Exercise details >>
Nothing but the lines from the one containing "具体来看,中央气象台预计,今" through the last line of the data below should be returned, each exactly as it stands, pictures excluded.
** Record set follows **
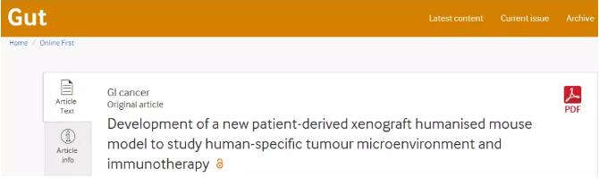 參考文獻(xiàn):Development of a new patient-derived xenograft humanised mouse model to study human-specific tumour microenvironment and immunotherapy. Gut. 2018 Mar 30.
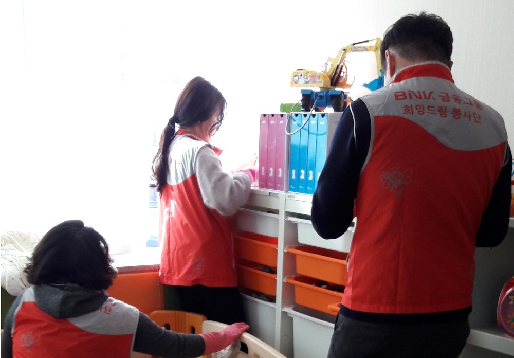 매월 첫 토요일엔 ‘사랑샘’에 ‘부산은행 희망드림봉사단’이 방문하여 사랑샘 생활공간과 주방 청소, 보..
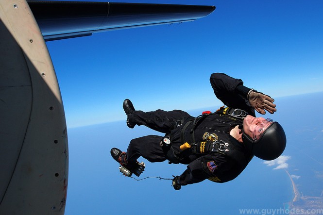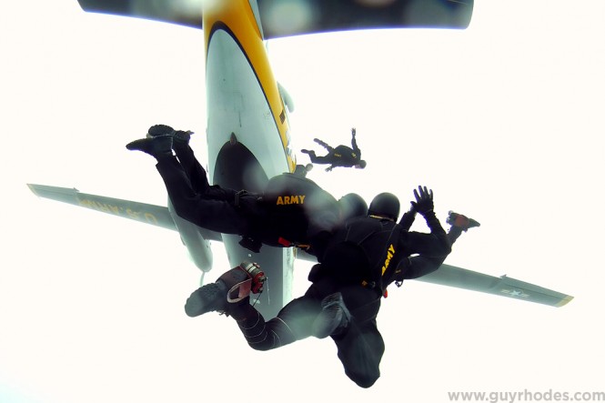 New technology allowed me to capture unique angles of The Golden Knights this year, such as this image of the team exiting the Fokker C31 aircraft, shot on a Go Pro Hero camera mounted to the helmet of Golden Knights Staff Sergeant Howard Sanborn.
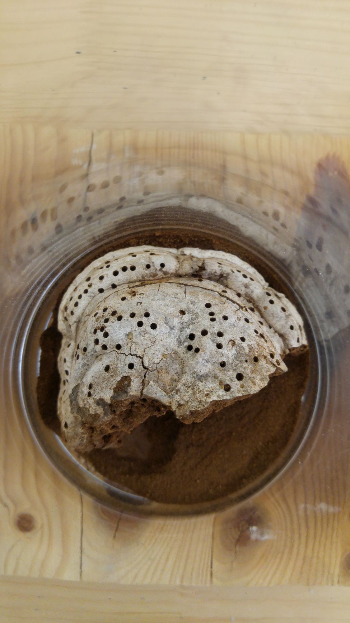 Was mich in erster Linie an den Baumschwämmen interessiert, ist das Sichtbarmachen des entropischen Vorgangs, der mittels Schwammkäfer (Ciidae) zügig vorangetrieben wird, so dass sich das Zersetzungsmaterial auf den Glastellern bzw. am Boden der Glaszylinder mehr und mehr ansammelt.
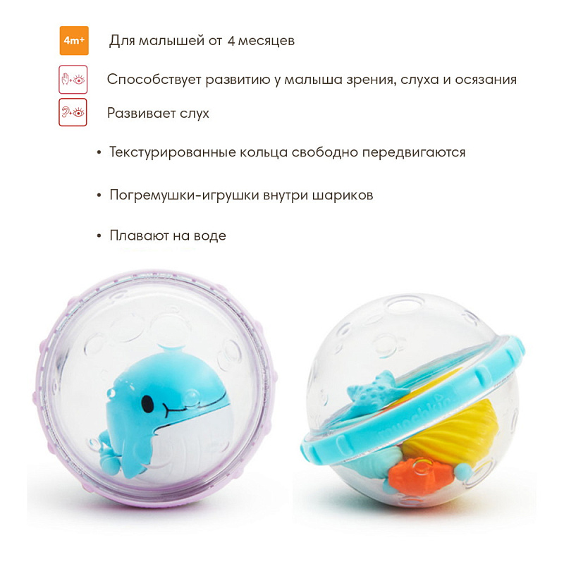 Пузыри-поплавки радуют малыша забавными фигурками и звуками - потому что пузыри в ванной должны быть веселыми! Ваш малыш любит погремушки, шарики, вращалки и блестяшки? Тогда ему будет очень весело играть с пузырями Munchkin в ванной. Шарики имеют внутри уникальные игрушечные фигурки, служат погремушками, блестят и вращаются. Игрушки по размеру очень подходят для маленькой детской руки и помогает развивать координацию рук и зрения у ребенка, когда он старается ее рассмотреть, понять, что находится и происходит у нее внутри и встряхивает.
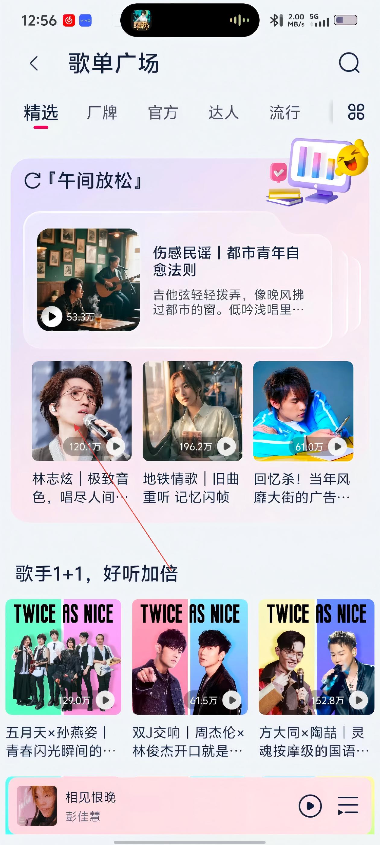 3、进入歌单广场,能看到各类歌单,选择“林志炫-极致音色,唱尽人间”歌单。
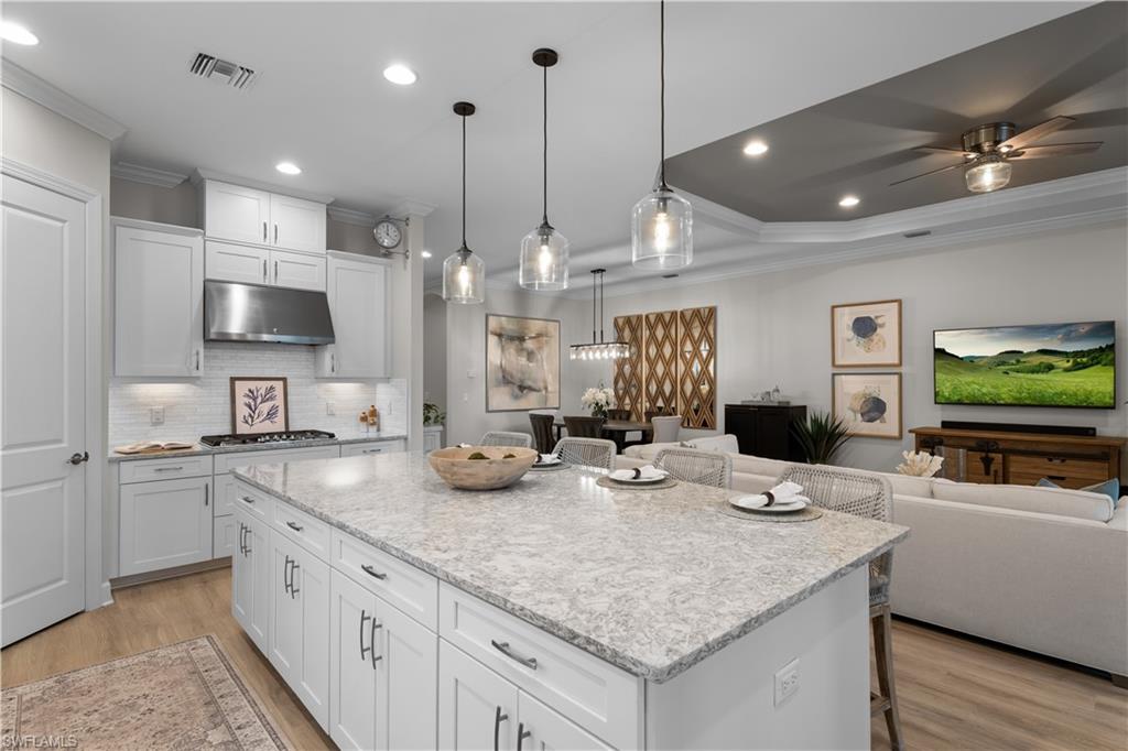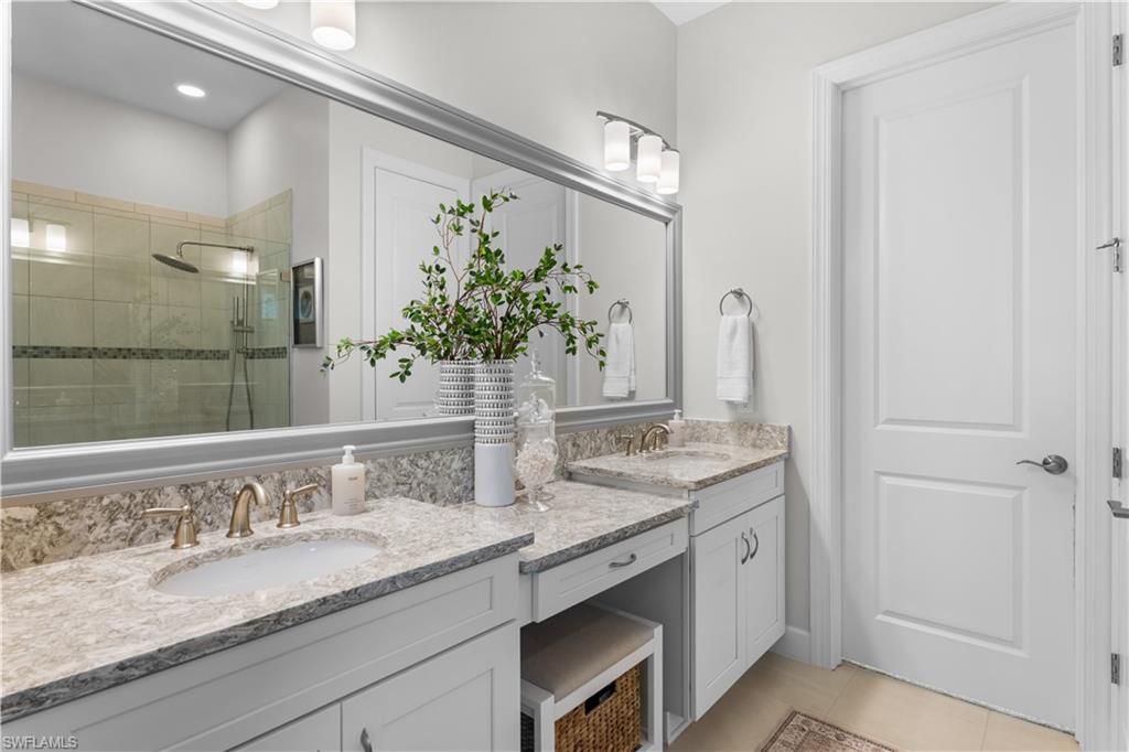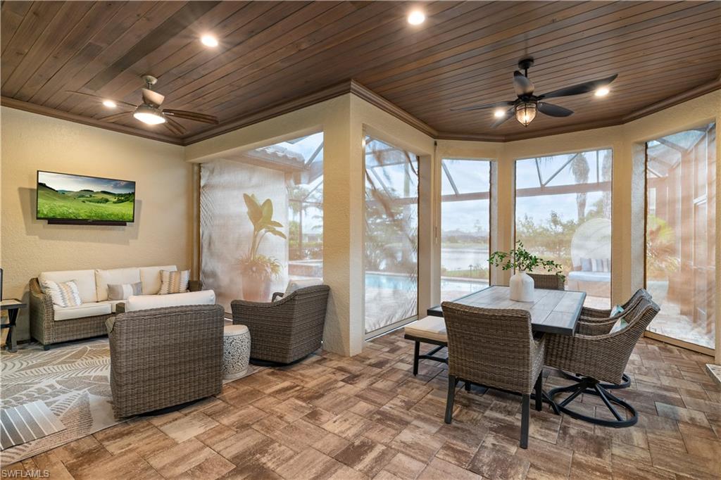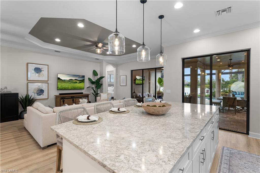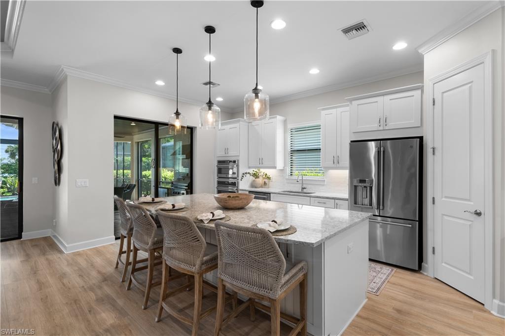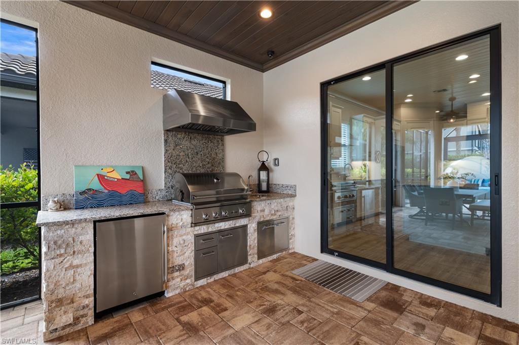 LIVE A VACATION LIFESTYLE IN ESPLANADE! FULL GOLF MEMBERSHIP INCLUDED! This immaculate and well appointed “Lazio” features expansive views overlooking the lake and over $175k IN RECENT UPGRADES! Inside, you will find 3 bedrooms, den, 3 full baths, and just over 2300 sq ft of open concept living space. From the moment you walk in the door, you are greeted with wood floors throughout the common areas & den and two sets of sliding glass doors to the extended lanai complete with custom outdoor kitchen, GAS heated pool with raised spa, picture window screen, motorized roll down hurricane shutters, stained cypress wood ceiling, and lush landscaping. The kitchen is the heart of the home and features shaker style cabinetry, Cambria quartz countertops, pantry with custom shelving, and GE Cafe appliances including a GAS cooktop & wall oven. This home is totally storm ready with a WHOLE HOUSE GENERATOR and complete hurricane protection. Other fine appointments include: BRAND NEW HVAC; BRAND NEW GAS POOL HEATER; plantation shutters on all windows; expanded primary & front guest bedrooms with bay windows; primary suite walk in closet with custom shelving/drawers; hurricane impact front door with matching sidelights; air conditioned extended garage with motorized ceiling storage racks & epoxy floor; freshly painted interior and exterior; spacious Laundry Room with cabinetry; rescreened pool cage (roof/2024); extensive crown molding; updated bathroom light fixtures; tankless GAS hot water heater; 8' doors/10' ceilings; extensive professionally enhanced landscaping with professional landscaping lighting; updated & upgraded bedroom carpet/padding; and more! Esplanade Golf & Country Club of North Naples offers a true “Lifestyle Community” with world-class amenities, including a resort pool with cabanas and the popular “Bahama Bar,” tennis, pickleball, bocce, a 14-mile network of bike/walking trails, and an 18-hole private golf course. The impressive 15,000 Sq Ft clubhouse features a restaurant, bar, wine-tasting room, wine lockers, and a Starbucks-style café. Best of all, the property’s landscaping, irrigation, golf membership, and all community amenities are covered under a quarterly fee of just $3,412—no additional fees or memberships required! Don't miss your opportunity to own this exceptional home in one of Naples’ most sought-after communities. Schedule your tour of this stunning home and Esplanade Golf & Country Club today! COMING SOON TO ESPLANADE (2026): Fully renovated and expanded poolside Bahama Bar; expanded outdoor bar at the Barrel House; expanded golf practice range; and an AIR CONDITIONED INDOOR PICKLEBALL COMPLEX with four indoor courts.
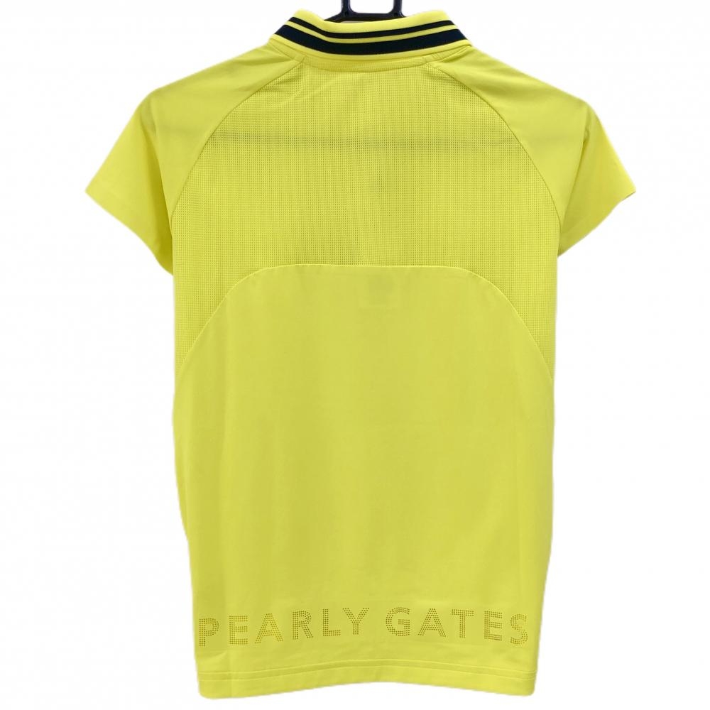 【新品】PGGパーリーゲイツ 半袖ポロシャツ イエロー×黒 一部メッシュ レディース 0(S) ゴルフウェア PEARLY GATES
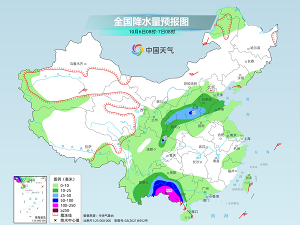 具体来看,中央气象台预计,今天,西北地区东部、华北中西部和南部、黄淮东部、四川盆地北部、华南南部和海南岛等地部分地区有大到暴雨,其中,广西南部、广东西南部、海南岛大部等地部分地区有大暴雨,广西东南部沿海、广东西南部沿海、海南岛北部等地局地特大暴雨(250~320毫米)。
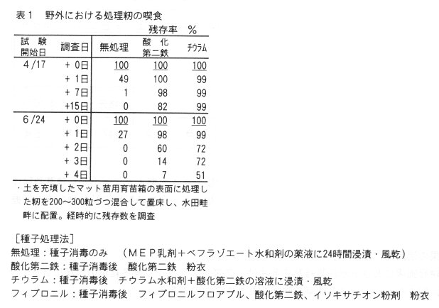 - 酸化第二鉄の粉衣は一時的な忌避効果があるものの、野外で無処理の籾が減少した場合、あるいはケージ内で他に餌ない場合は顕著に喫食される。
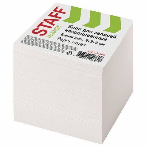 Блок для записей 9х9х9 белый непрокл. белизна 90-92% STAFF 1/18 купить оптом и в розницу в Нижнекамске
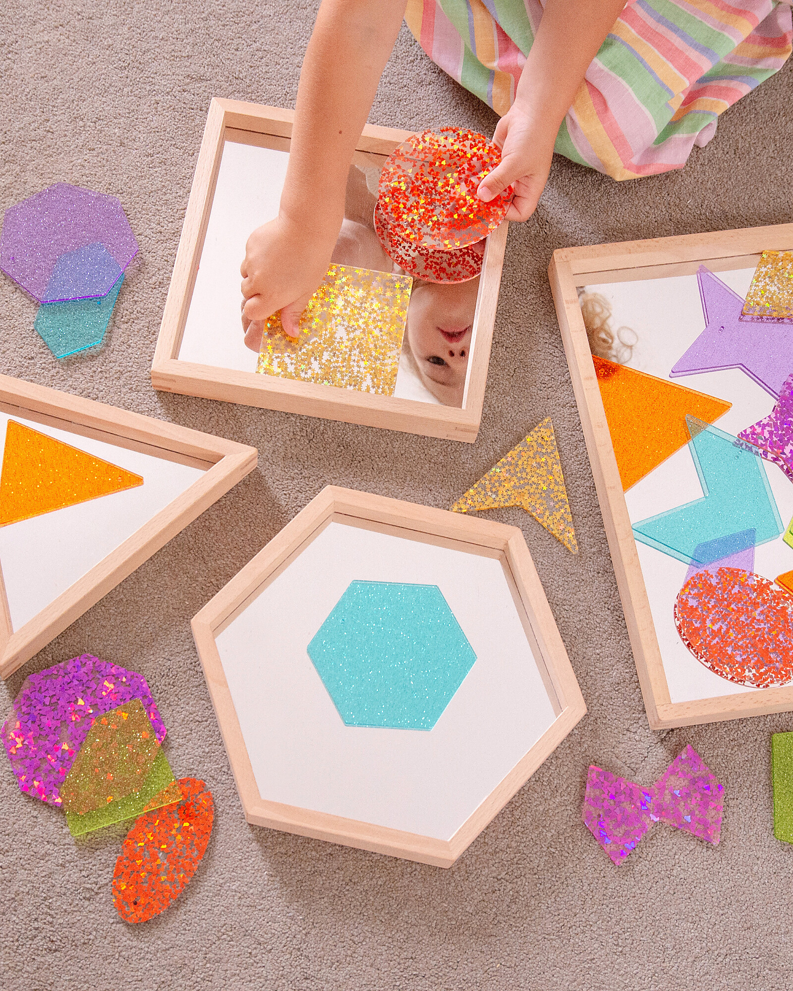Ogni vassoio è dotato di una base con specchio in acrilico da 2 mm, perfetta per permettere ai bambini di osservare il proprio riflesso, esplorare espressioni facciali e scoprire oggetti da prospettive nuove e sorprendenti. Questa interazione favorisce lo sviluppo della consapevolezza di sé, del linguaggio e delle capacità comunicative.
** End of Record set **
Answer box >>
 具体来看,中央气象台预计,今天,西北地区东部、华北中西部和南部、黄淮东部、四川盆地北部、华南南部和海南岛等地部分地区有大到暴雨,其中,广西南部、广东西南部、海南岛大部等地部分地区有大暴雨,广西东南部沿海、广东西南部沿海、海南岛北部等地局地特大暴雨(250~320毫米)。
 - 酸化第二鉄の粉衣は一時的な忌避効果があるものの、野外で無処理の籾が減少した場合、あるいはケージ内で他に餌ない場合は顕著に喫食される。
 Блок для записей 9х9х9 белый непрокл. белизна 90-92% STAFF 1/18 купить оптом и в розницу в Нижнекамске
Ogni vassoio è dotato di una base con specchio in acrilico da 2 mm, perfetta per permettere ai bambini di osservare il proprio riflesso, esplorare espressioni facciali e scoprire oggetti da prospettive nuove e sorprendenti. Questa interazione favorisce lo sviluppo della consapevolezza di sé, del linguaggio e delle capacità comunicative.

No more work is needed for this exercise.